Data compression example.

APC and ARC

The ACT consists of an APC (adaptive packet compression coder) and an ARC (adaptive rate controller), as shown in Figure 6.

Figure 6.

APC and ARC.

The ACP applies the compression techniques (DWT, ADPCM, and RLC) to the source packet generated by the application layer; in case of a sink node, it applies the inverse compression techniques (IDWT, IADPCM, and IRLC). The ARC controls the packet rate by reducing the number of transit packets in the relaying queue with the help of ADPCM and RLE. It is a reduced version of the APC without DWT. One may implement only the APC and then use only ADPCM and RLC for the ARC. If the APC and ARC are implemented separately, ADPCM and RLC component (or procedure) can be shared between the APC and the ARC.

APC

Figure 7 shows the block schematic of the APC. The DWT and RLC are similar to the ones conventionally used, and ADPCM is a reduced version used for sensed data compression. The encoder of the ADPCM consists of a difference signal computation, adaptive quantizer, inverse adaptive quantizer, quantizer scale factor adaptation, and signal reconstructor. The difference signal computer subtracts the reconstructed signal from the original data. The subtraction of two successive data packets that have similar values reduces the range of data values. The range of values is reduced again by the adaptive quantizer. The quantized data is encoded by RLC and then inserted into the network layer. The quantized data are also inversely quantized by an inverse adaptive quantizer and reconstructed into the signal by the signal reconstructor.

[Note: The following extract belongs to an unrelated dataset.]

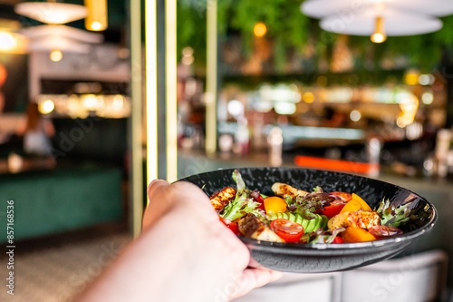 Close-up of a hand holding a colorful salad on a black plate in a restaurant setting
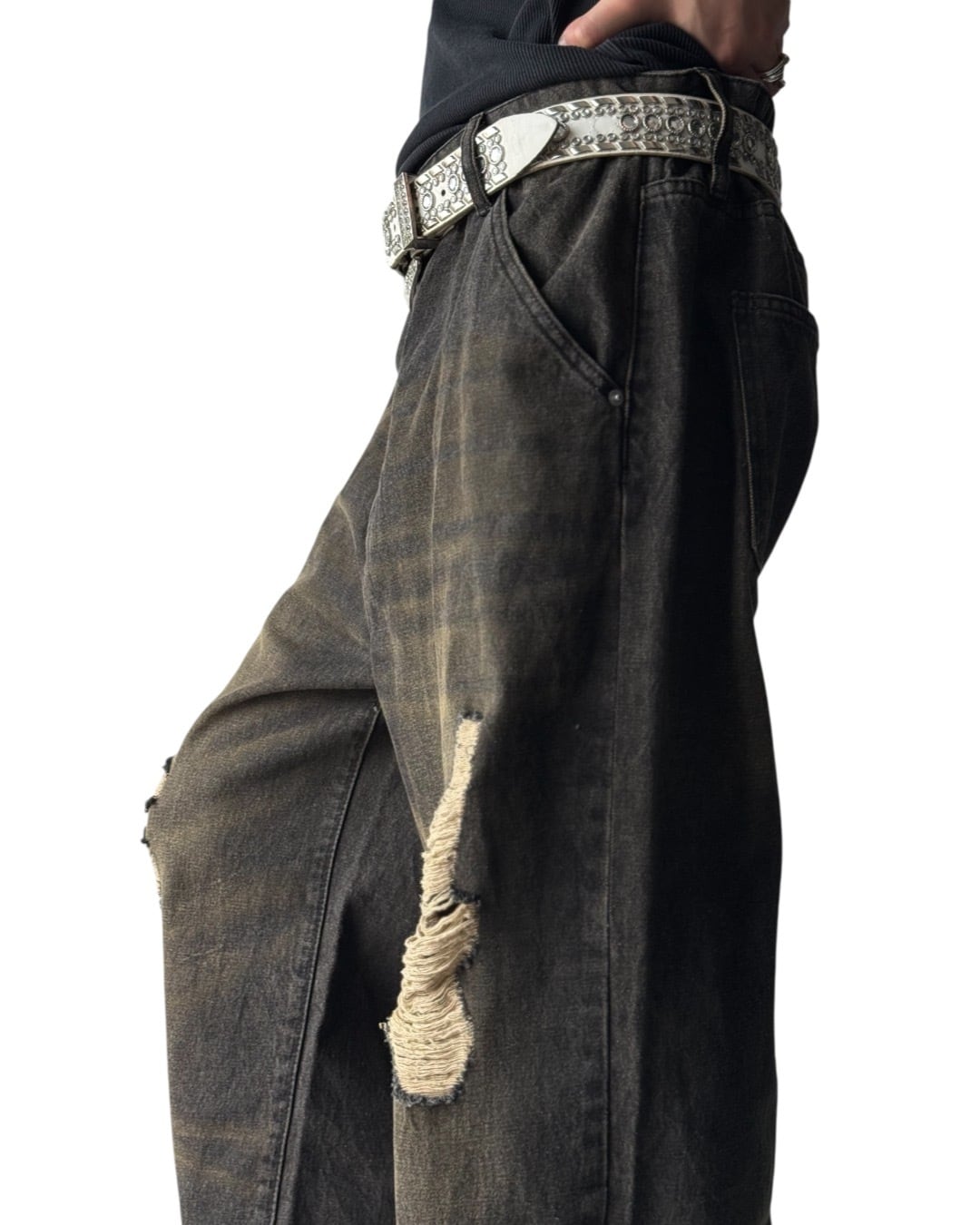 ワイドバギーシルエットが存在感抜群なクラッシュデザインデニムパンツの入荷‼️

The number of generated packets is varied by the adaptive quantizer, which is controlled by the quantizer scale factor adaptation. The quantizer scale factor adapter increases the quantizer step size in proportion to the strength of congestion. Further, the decoder of the ADPCM consists of an inverse adaptive quantizer, signal reconstructor, and quantizer scale factor adapter.

Figure 7.

Block schematic of APC.

ARC

The ARC controls the output packet rate by re-encoding the transit packets in the relaying queue. It consists of RLC, IRLC, ADPCM, and IADPCM units. Figure 8 shows its block schematic. Transit packets are in a compressed state after RLC is performed, and therefore, the ARC first decodes them with the help of IRLC. Then, the decompressed transit packets are reconstructed by IADPCM and compressed again with a different quantizer step size, which is affected by the congestion state.

Figure 8.

Block schematic of ARC.

Operation

Figure 9 presents the operation of the ACT. The ACT checks the queue state periodically with the routing timer. If the queue is congested with packets, then the ACT checks whether the ARC and APC are applicable or not. If the ARC and APC are applicable, the ACT applies the APC for source packets and the ARC for transit packets. If the congestion persists, the quantization step size is increased drastically. If the quantization step size reaches the limit and the queue is still congested, the ACT starts to drop packets with a low priority in the queue and send routing packets with congestion notification. If a sensor node receives a routing packet with congestion notification from the parent node, the child sensor node increases the transmission interval of packets in the queue and checks whether the ARC and APC are applicable. If the child node faces congestion similar to the parent node, it propagates the congestion notification to its child nodes.

Figure 9.

Operation of ACT.

Adaptive Queue Operation in Congestion

The queue in a network layer works in the First Come First Serve (FCFS) mode [Figure 10-(A)-(1)]. If there is no packet in the sending queue, the packet is served immediately [Figure 10-(A)-(2)]. If some packets are already in the queue, the packet that was inserted last has to wait for the previous packets to be served [Figure 10-(A)-(3)]. If there is no congestion, packets will be served in the order in which they were inserted. In contrast, if packets are congested in the queue, they must wait until the congestion is reduced [Figure 10-(A)-(4)]. Data packets may be delayed for some time or dropped in congestion. However, routing packets should not be delayed or dropped because during congestion, they must be propagated fast so as to reduce the traffic from child nodes. In a conventional congestion control protocol, the back pressure is propagated slowly because routing packets are considerably delayed due to the congested queue. In order to address this problem, the ACT controls the direction for fast propagation of congestion notification. During congestion, if the queue is served in the clockwise direction and a routing packet is inserted at the end of the queue (pointed by the back pointer), the ACT changes the direction to counterclockwise, and thus, the back and front pointers are also changed. Therefore, the routing packet inserted at the last position in the queue becomes the first packet in the queue and is served first. In this case, if the first packet in the queue is a data packet, it cannot be served until a reply packet is received from the parent node. However, a routing is broadcasted to the child nodes and therefore can be served directly even if the parent is congested. As a consequence, a routing packet with congestion notification can be propagated fast to the child nodes.

Figure 10.

Queue operation in congestion.

Compression and Congestion

These compression techniques are usually used in compression of images or audio which are continuous data and have similar data values. We use these compression techniques because the sensed data are continuous and have similar values. DWT, ADPCM, and DWT can drastically reduce the number of packets required by the sensed data. Moreover, in case of congestion, the probability of a packet drop can be reduced by applying ADPCM with a big quantization step size, which reduces the amount of output data from RLC and thus the number of required packets. Dropping a packet causes the loss of the entire data contained in the dropped packet and thus reduces the amount of data, while increasing the quantization step size reduces the fineness (fidelity) of the data.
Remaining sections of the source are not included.